As always, sortition has been most prominent in 2021 in the Francophone world. Early in the year, Macron’s administration in France formed an allotted panel monitoring the Coronavirus vaccination campaign. Not much has been heard of it since. The utilization of allotment by the Macron administration has become frequent enough to merit condemnation as well as ridicule. Sortition’s political presence is such that it draws regular criticism from elite writers, but also some support. The journal Raisons politiques devoted a large part of an issue to sortition. In Switzerland, a proposal to select judges by lot among qualified candidates failed at the polls.

However, sortition had some presence elsewhere as well in 2021. An allotted assembly was convened as part of the COP26 UN climate change conference. In Bosnia and Herzegovina a citizen assembly was called to express its opinion on constitutional and electoral questions. Scotland’s Citizen Assembly published its report. One of the recommendations in the report was to use allotted bodies to scrutinize government proposals and parliamentary bills. An allotted assembly about the climate was discussed in Austria as well. Ireland held a citizens’ assembly on gender equality. Washington state allotted a climate assembly. In the wake of the protests following the murder of George Floyd, allotted police oversight commissions were discussed in California. A CS course at Harvard dealt with sortition and an algorithm for quota sampling from unrepresentative volunteers made it into Nature.

The Japanese journal Law and Philosophy devoted an issue to “Just Lotteries”. Hélène Landemore, Yale political science professor and author of the book Open Democracy, has promoted sortition in an interview in The Nation magazine and in an article in Foreign Policy magazine. The Hannah Arendt Center at Bard College held a conference about sortition.

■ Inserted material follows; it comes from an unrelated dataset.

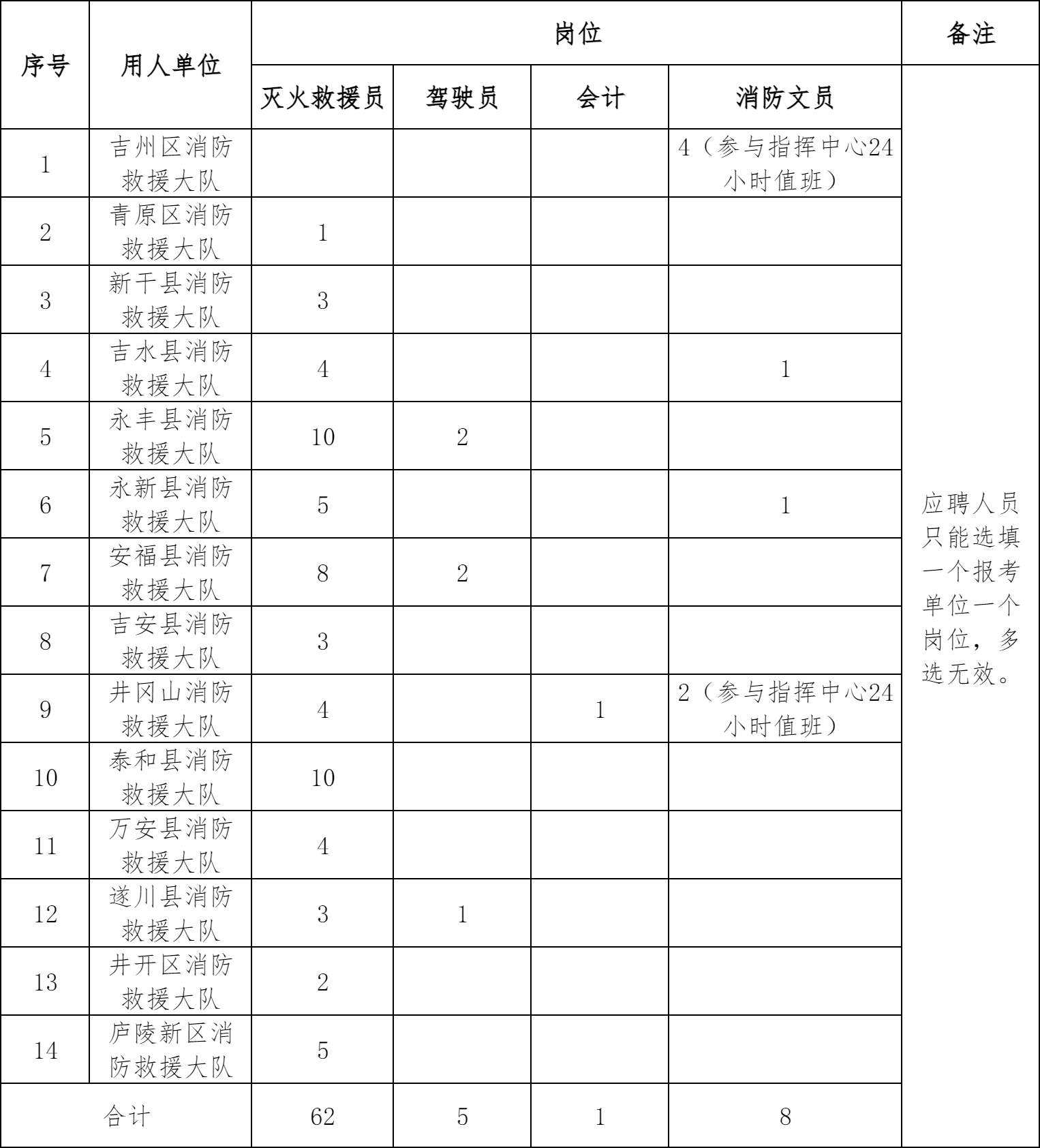 共招聘76名政府专职消防员(其中,灭火救援员、驾驶员岗位限男性,若驾驶员岗位未招满,缺额视情纳入该单位灭火救援员岗位招聘计划)。具体用人单位和招聘数量见下表。

Sortition was proposed as a way to create a governing body for the Internet, as tool to counter the allure of the Chinese system, as a way to save the UK and to stop popular but “undemocratic or illiberal” leaders from getting elected, and as a way to appoint public servants. A paper discussed sortition with a focus on India. In Massachusetts a letter to the newspaper introduced its readers to the idea of allotted citizen assemblies. A new book asserted that sortition is the only way to achieve a demcoratic system, while an article claimed that sortition is unable to address the biggest problem of the existing system, citizen apathy.